Your assignment —
Nothing except the pictures should be left out when you reproduce the listing exactly.

Recorded data —
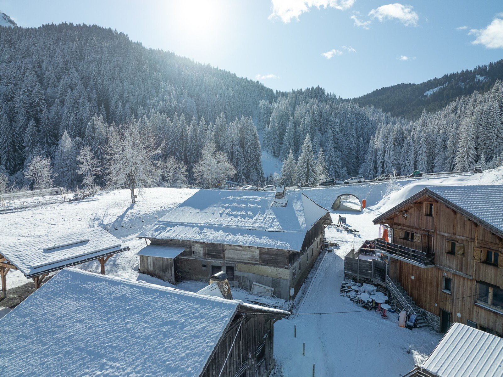 A very unique opportunity to undertake a project to convert a large traditional Savoyard barn, in its original state, situated on the ski slopes and next to the ski lifts to the Nyon and to the Pleney mountains from the Fys area of Morzine.
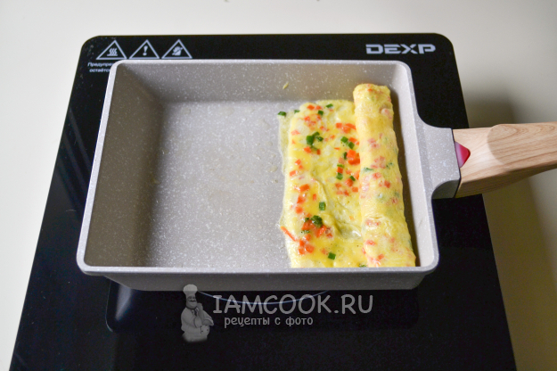 Сверните омлет, оставив небольшой участок не свернутым. Сдвиньте на край сковороды.
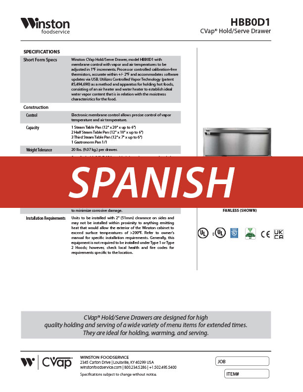 HBB0D1 CVAP® HOLD AND SERVE DRAWER - SPEC SHEETS
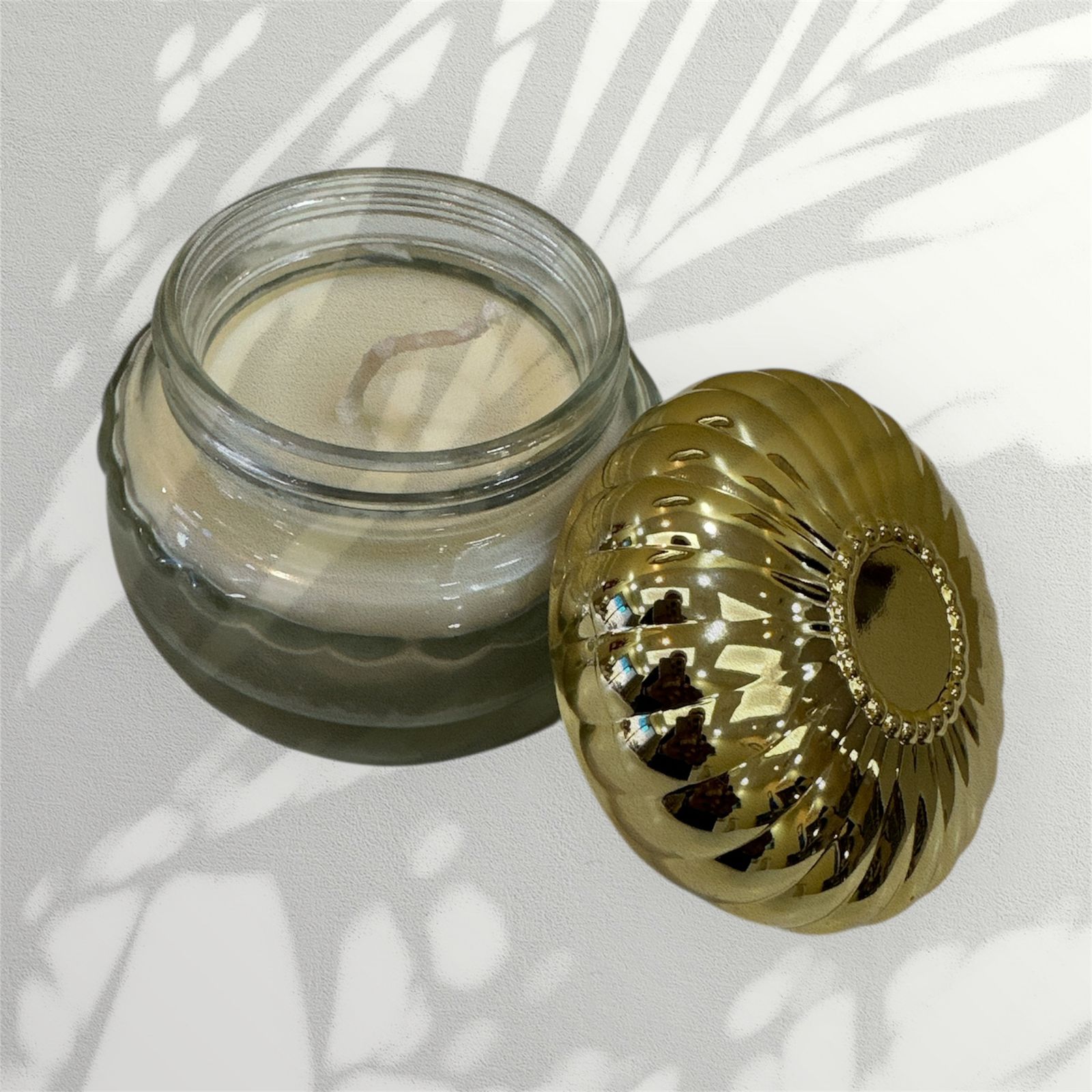 شمعة فاخرة باللون الابيض في علبة زجاجية انيقة معطرة برائحة الفانيلا تضيف لمسة عصرية جميلة تناسب أي ديكور
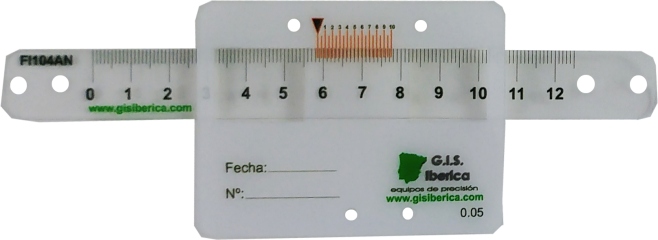 Fisurómetro angular (medidor milimétrico) para fisuras o grietas. |
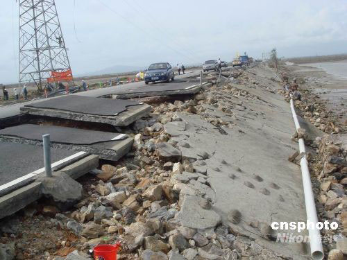 今年第14号强台风“黑格比”引发的风暴潮,把广东阳江海陵岛试验区总长约5公里、岛内通往外界的唯一陆上通道海陵大堤撕开了7个大缺口,大堤断成8截。顷刻之间,海陵岛顿成孤岛,岛内交通、电力、供水和通讯中断。目前,海陵岛内的10万居民仍被困在孤岛上,被冲垮的大堤尚在紧张抢修之中。中新社发 陈明 摄
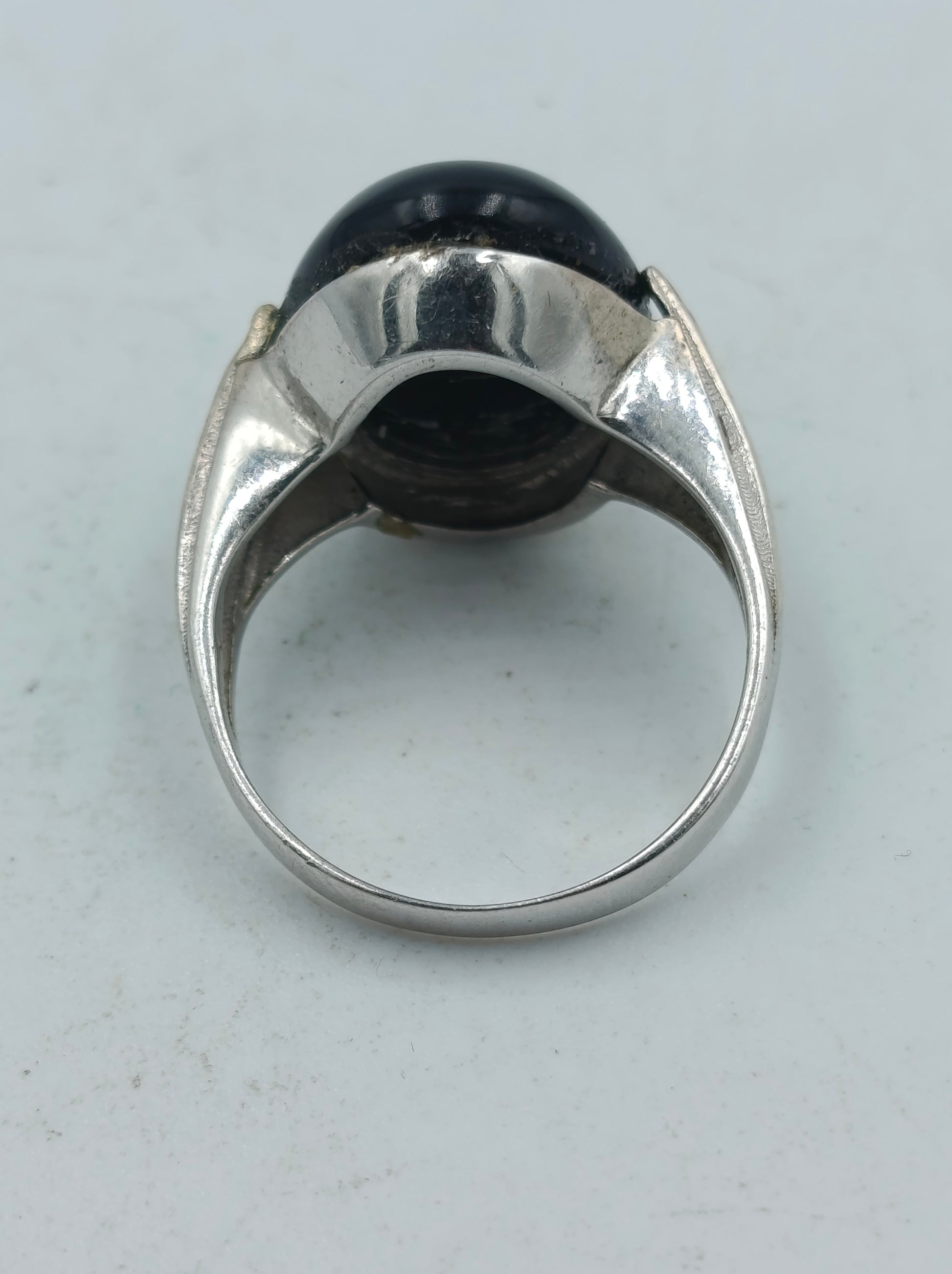 925 Silber Damenring mit Schwarzem Onyx Oval Gr54 Klassisch Elegant
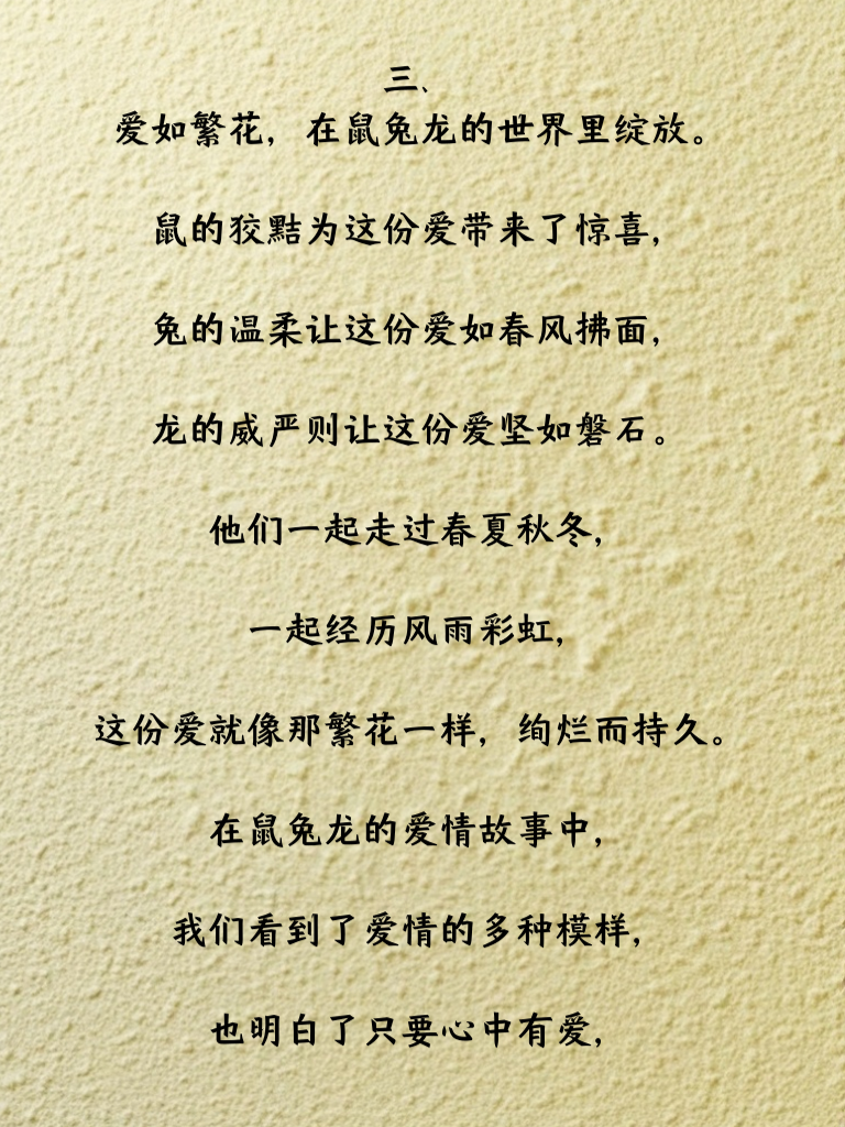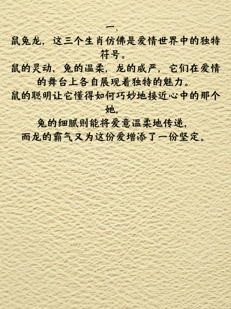 一、鼠兔龙,这三个生肖仿佛是爱情世界中的独特符号。鼠的灵动,兔的温柔,龙的威严,它们在爱情的舞台上各自展现着独特的魅力。鼠的聪明让它懂得如何巧妙地接近心中的那个她,兔的细腻则能将爱意温柔地传递,而龙的霸气又为这份爱增添了一份坚定。 二、当鼠遇见兔,那是一场心灵的契合。鼠的机智与兔的善良相互交融,仿佛在彼此的世界中找到了温暖的港湾。兔在鼠的陪伴下,不再害怕生活的风雨,而鼠在兔的温柔中,找到了心灵的栖息之所。当龙加入其中,这份爱变得更加磅礴,龙用它的力量守护着鼠和兔,让他们的爱情在岁月中愈发深厚。 三、爱如繁花,在鼠兔龙的世界里绽放。鼠的狡黠为这份爱带来了惊喜,兔的温柔让这份爱如春风拂面,龙的威严则让这份爱坚如磐石。他们一起走过春夏秋冬,一起经历风雨彩虹,这份爱就像那繁花一样,绚烂而持久。在鼠兔龙的爱情故事中,我们看到了爱情的多种模样,也明白了只要心中有爱,就能创造出属于自己的繁花似锦。
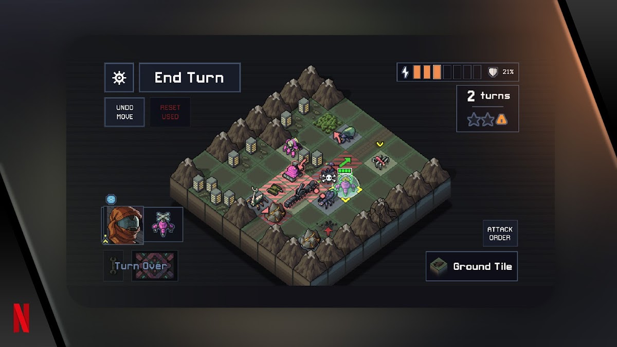 Только для пользователей Netflix с подпиской. Цивилизация под угрозой, но в ваших силах защитить ее. Возглавьте команду, чтобы спасти мир от внеземной угрозы в этой пошаговой стратегической игре. Остаткам человеческой расы угрожают гигантские создания, которые живут под землей. Тщательно выбирайте опытных пилотов и роботов в свой отряд для защиты Земли. Каждая попытка одолеть врага открывает перед вами новую задачу. Эту футуристическую боевую игру журнал PC Gamer назвал «Лучшей игрой 2018 года». Характеристики: • Защита городов. Гражданские объекты дают энергию вашим роботам. Защищайте здания от врага и следите за тем, куда стреляете! • Совершенствование стратегии. Все атаки противника телеграфируются в минималистичном, пошаговом бою. Анализируйте ходы врага и отвечайте на каждый из них продуманными действиями. • Создание идеального робота. Находите новое эффективное оружие и уникальных пилотов, отражая нашествия чудовищ на острова. • Второй шанс. Поражение не принимается. Если вы проиграли, отправьте в прошлое сообщение с просьбой о помощи и воспользуйтесь возможностью сделать всё иначе. • Дополнительные возможности в продвинутой версии. Новая расширенная версия игры с дополнительным оружием, роботами, пилотами, врагами, миссиями и т. д.
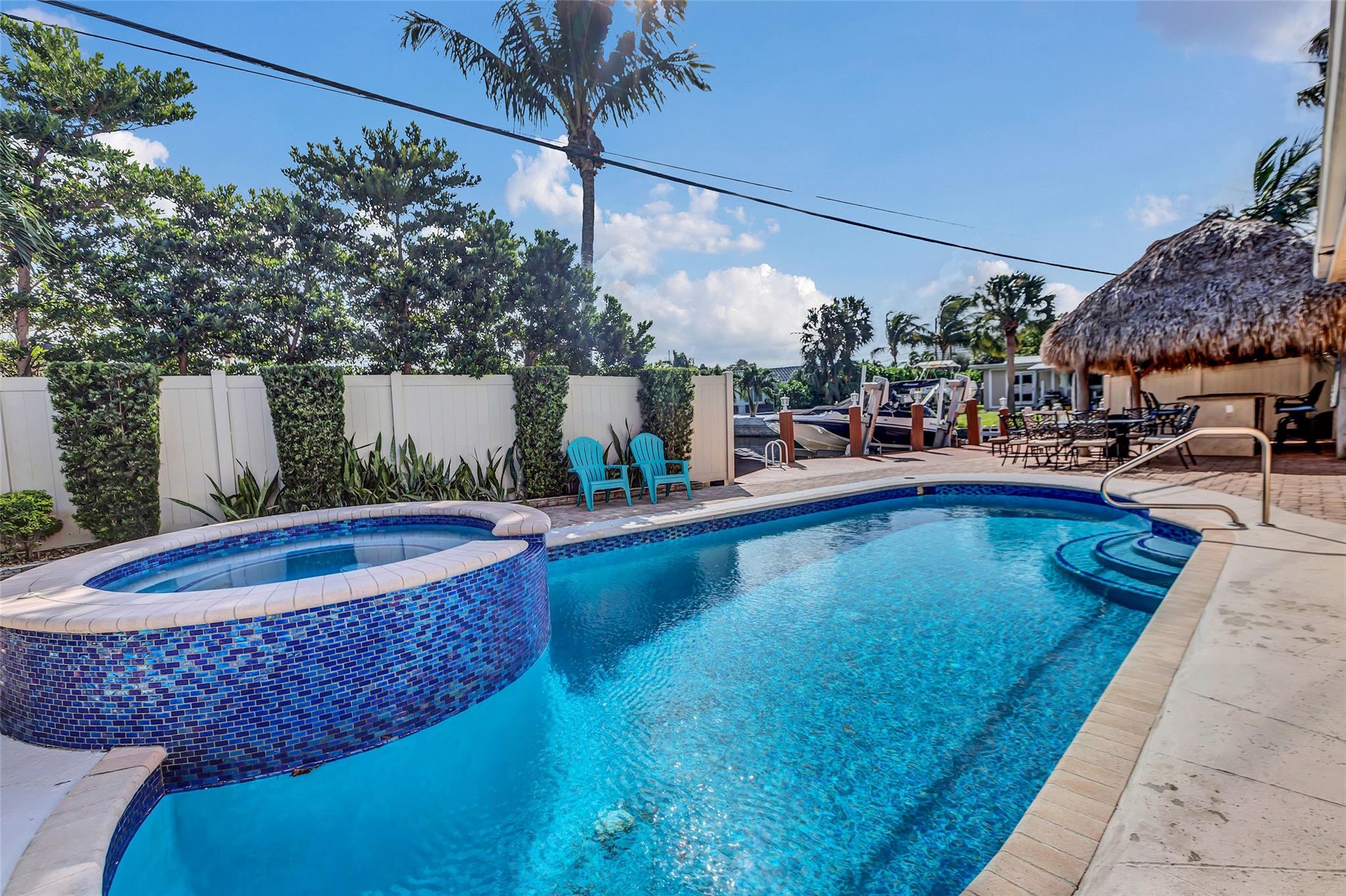 OCEAN ACCESS NO FIXED BRIDGES in prestigious Pompano Isles!! Beautifully Renovated 4/3 with office (or bedroom). Take a walk through paradise in this light, bright happy place! Free form, heated, private pool with Tiki hut and bar, Impact windows and doors, upgraded bathrooms with cabana bath, new floors, premium cabinets and appliances, Large composite dock with boatlift. Great neighborhood, close to EVERYTHING! Currently used as an active Short term rental. THIS IS A TURN KEY OPPORTUNITY! This property has it all!
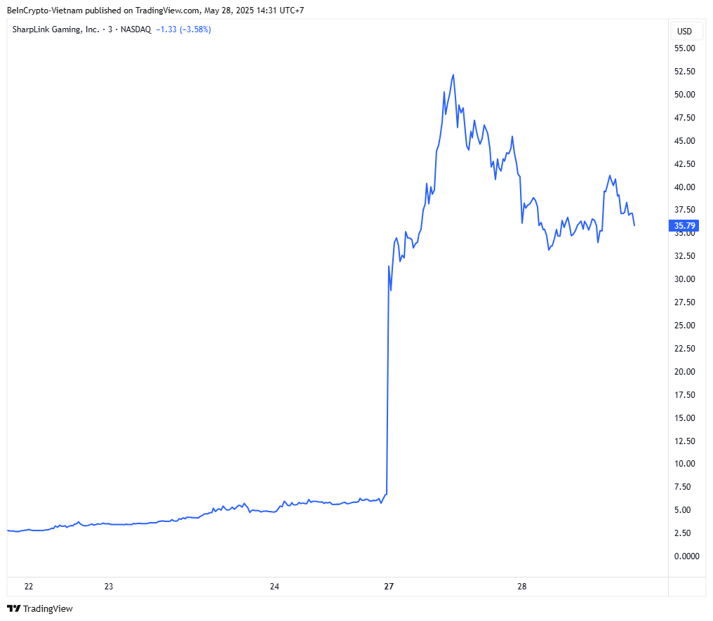 E’lon qilinganidan so’ng, SBET aksiyalari bir kunda 85% dan ortiq ko’tarildi. U bir paytlar 53 dollardan oshib ketdi, uch savdo kunida 1,800% o’sishni ko’rsatdi. “SharpLink” o’zini “Efirium uchun MicroStrategy” sifatida ko’rsatmoqda, ya’ni kriptovalyutani to’g’ridan-to’g’ri ushlab turolmaydigan fondlar uchun jamoat vakili sifatida harakat qilmoqda.

Solution for this exercise —
 A very unique opportunity to undertake a project to convert a large traditional Savoyard barn, in its original state, situated on the ski slopes and next to the ski lifts to the Nyon and to the Pleney mountains from the Fys area of Morzine.
 Сверните омлет, оставив небольшой участок не свернутым. Сдвиньте на край сковороды.
 HBB0D1 CVAP® HOLD AND SERVE DRAWER - SPEC SHEETS
 شمعة فاخرة باللون الابيض في علبة زجاجية انيقة معطرة برائحة الفانيلا تضيف لمسة عصرية جميلة تناسب أي ديكور
 Fisurómetro angular (medidor milimétrico) para fisuras o grietas. |
 今年第14号强台风“黑格比”引发的风暴潮,把广东阳江海陵岛试验区总长约5公里、岛内通往外界的唯一陆上通道海陵大堤撕开了7个大缺口,大堤断成8截。顷刻之间,海陵岛顿成孤岛,岛内交通、电力、供水和通讯中断。目前,海陵岛内的10万居民仍被困在孤岛上,被冲垮的大堤尚在紧张抢修之中。中新社发 陈明 摄
 925 Silber Damenring mit Schwarzem Onyx Oval Gr54 Klassisch Elegant
 一、鼠兔龙,这三个生肖仿佛是爱情世界中的独特符号。鼠的灵动,兔的温柔,龙的威严,它们在爱情的舞台上各自展现着独特的魅力。鼠的聪明让它懂得如何巧妙地接近心中的那个她,兔的细腻则能将爱意温柔地传递,而龙的霸气又为这份爱增添了一份坚定。 二、当鼠遇见兔,那是一场心灵的契合。鼠的机智与兔的善良相互交融,仿佛在彼此的世界中找到了温暖的港湾。兔在鼠的陪伴下,不再害怕生活的风雨,而鼠在兔的温柔中,找到了心灵的栖息之所。当龙加入其中,这份爱变得更加磅礴,龙用它的力量守护着鼠和兔,让他们的爱情在岁月中愈发深厚。 三、爱如繁花,在鼠兔龙的世界里绽放。鼠的狡黠为这份爱带来了惊喜,兔的温柔让这份爱如春风拂面,龙的威严则让这份爱坚如磐石。他们一起走过春夏秋冬,一起经历风雨彩虹,这份爱就像那繁花一样,绚烂而持久。在鼠兔龙的爱情故事中,我们看到了爱情的多种模样,也明白了只要心中有爱,就能创造出属于自己的繁花似锦。
 Только для пользователей Netflix с подпиской. Цивилизация под угрозой, но в ваших силах защитить ее. Возглавьте команду, чтобы спасти мир от внеземной угрозы в этой пошаговой стратегической игре. Остаткам человеческой расы угрожают гигантские создания, которые живут под землей. Тщательно выбирайте опытных пилотов и роботов в свой отряд для защиты Земли. Каждая попытка одолеть врага открывает перед вами новую задачу. Эту футуристическую боевую игру журнал PC Gamer назвал «Лучшей игрой 2018 года». Характеристики: • Защита городов. Гражданские объекты дают энергию вашим роботам. Защищайте здания от врага и следите за тем, куда стреляете! • Совершенствование стратегии. Все атаки противника телеграфируются в минималистичном, пошаговом бою. Анализируйте ходы врага и отвечайте на каждый из них продуманными действиями. • Создание идеального робота. Находите новое эффективное оружие и уникальных пилотов, отражая нашествия чудовищ на острова. • Второй шанс. Поражение не принимается. Если вы проиграли, отправьте в прошлое сообщение с просьбой о помощи и воспользуйтесь возможностью сделать всё иначе. • Дополнительные возможности в продвинутой версии. Новая расширенная версия игры с дополнительным оружием, роботами, пилотами, врагами, миссиями и т. д.
 OCEAN ACCESS NO FIXED BRIDGES in prestigious Pompano Isles!! Beautifully Renovated 4/3 with office (or bedroom). Take a walk through paradise in this light, bright happy place! Free form, heated, private pool with Tiki hut and bar, Impact windows and doors, upgraded bathrooms with cabana bath, new floors, premium cabinets and appliances, Large composite dock with boatlift. Great neighborhood, close to EVERYTHING! Currently used as an active Short term rental. THIS IS A TURN KEY OPPORTUNITY! This property has it all!
 E’lon qilinganidan so’ng, SBET aksiyalari bir kunda 85% dan ortiq ko’tarildi. U bir paytlar 53 dollardan oshib ketdi, uch savdo kunida 1,800% o’sishni ko’rsatdi. “SharpLink” o’zini “Efirium uchun MicroStrategy” sifatida ko’rsatmoqda, ya’ni kriptovalyutani to’g’ridan-to’g’ri ushlab turolmaydigan fondlar uchun jamoat vakili sifatida harakat qilmoqda.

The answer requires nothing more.